Duchenne Muscular Dystrophy Treatment - Market Share Analysis, Industry Trends & Statistics, Growth Forecasts 2019 - 2029

The Duchenne Muscular Dystrophy Treatment Market size is estimated at USD 2.56 billion in 2024, and is expected to reach USD 4.32 billion by 2029, growing at a CAGR of 11.10% during the forecast period (2024-2029).

The outbreak of COVID-19 impacted the market. The pandemic increased the incidence rate of Duchenne muscular dystrophy. For instance, according to the NCBI research article published in April 2021, people with neuromuscular abnormalities, such as muscular dystrophy, were more likely to experience more severe symptoms of COVID-19, especially if they had cardiac or breathing problems. Similarly, another research article published in April 2021 showed that patients with Duchenne muscular dystrophy were considered a high-risk population due to the worldwide COVID-19 pandemic. The median Forced Vital Capacity increased somewhat, from 76.0% before COVID-19 infection to 79.5% subsequently, among Duchenne muscular dystrophy (DMD) individuals who tested positive for the virus before and after COVID-19, but the difference was not statistically significant. Thus, people suffering from Duchenne muscular dystrophy were more prone to COVID-19, owing to which the treatment adoption rate of Duchenne muscular dystrophy increased to avoid COVID-19 complications during the pandemic. Thus, the market witnessed considerable growth during the pandemic and is expected to maintain an upward trend over the forecast period.

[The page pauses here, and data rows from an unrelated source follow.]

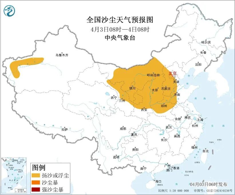 受冷空气大风影响,预计4月3日8时至4日8时,新疆南部、内蒙古中西部、甘肃中东部和河西、宁夏、陕西中北部、山西、北京西南部、天津西部、河北中南部、河南中北部、山东西部等地的部分地区有扬沙或浮尘天气。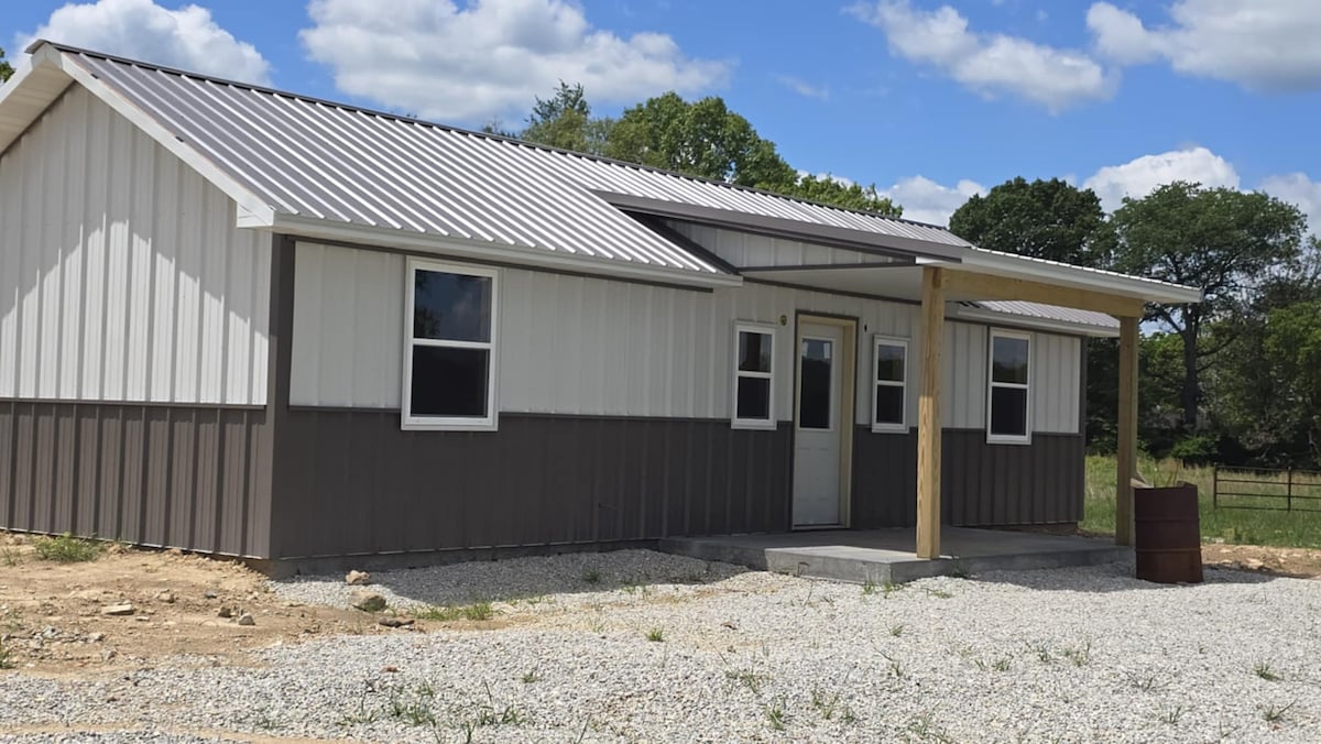 Ახალი ხის სახლი ჩვენს კერძო ფერმაზე.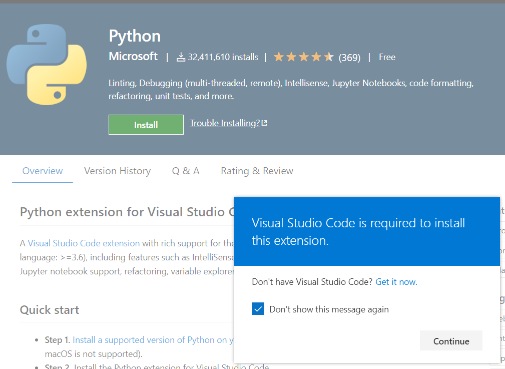 Click each link, then click Install. Hit Continue and Open if prompted to launch Code: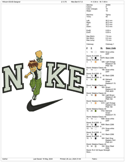 Nike Ben 10 Embroidery Design Files - 3 Sizes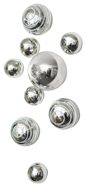 An assortment of silver-plated, hand-crafted, blown glass spheres that will fit beautifully in a small space like a bathroom wall or over a nightstand or in a bookcase. The mirrored effect is achieved by swirling silver nitrate inside each sphere – this will not wash off as it is on the inside of the sphere. As shown this set is approximately 3 feet in length.

The rising burden of Duchenne Muscular Dystrophy (DMD), increasing investments in research and development of novel therapies for DMD, and increasing awareness campaigns for DMD are the major drivers for the market. For instance, according to the research article published by the NCBI in February 2022, the global prevalence of muscular dystrophy was estimated at 3.6 per 100,000 people, and the largest prevalence in Americans was at 5.1 per 100,000 people. Similarly, as per the data published by the CDC in November 2022, the estimated prevalence of Duchenne and Becker muscular dystrophy (DBMD) was about 1 in every 5,000 males aged 5-9 years. Furthermore, increasing investment in research and development by the private and public sectors has also increased the clinical trials to evaluate potential treatments for Duchenne muscular dystrophy. The sole approved pharmacological therapy for managing DMD is an anti-inflammatory regimen based on corticosteroids. In recent years, there has been a significant increase in the discovery and development of pharmaceutical drugs. Nearly all major companies are now focusing on R&D, which is likely to significantly impact the market in the coming years. For instance, in January 2023, Parent Project Muscular Dystrophy (PPMD) announced a USD 500,000 programmatic investment in Myosana Therapeutics, Inc. (Myosana) to support the company's continuing development and translation of a non-viral gene therapy delivery platform aiming to slow skeletal muscle degeneration and heart failure in Duchenne. Thus, increasing cases of Duchenne Muscular Dystrophy and rising investments in research and development are expected to propel the demand for the treatment, which in turn may positively impact the market growth.

Furthermore, mutation-specific therapies will probably become a breakthrough in treating Duchenne muscular dystrophy. Additionally, there has been an increase in the number of campaigns to raise awareness of Duchenne muscular dystrophy disorder, the development of mutation-specific therapies, the prevalence of the disease, the number of products in development, and the introduction of therapies like Exondys51 and Translarna as well as corticosteroid-based anti-inflammatory drugs. Thus, the introduction of novel medications and therapies, disease-modifying therapies, significant support from several firms for drug research, and support from patient advocacy groups on the regulatory approval process are major drivers of the global market for Duchenne muscular dystrophy.

However, the lack of standardization to measure clinical efficacy across all stages of DMD may hinder the market growth over the forecast period.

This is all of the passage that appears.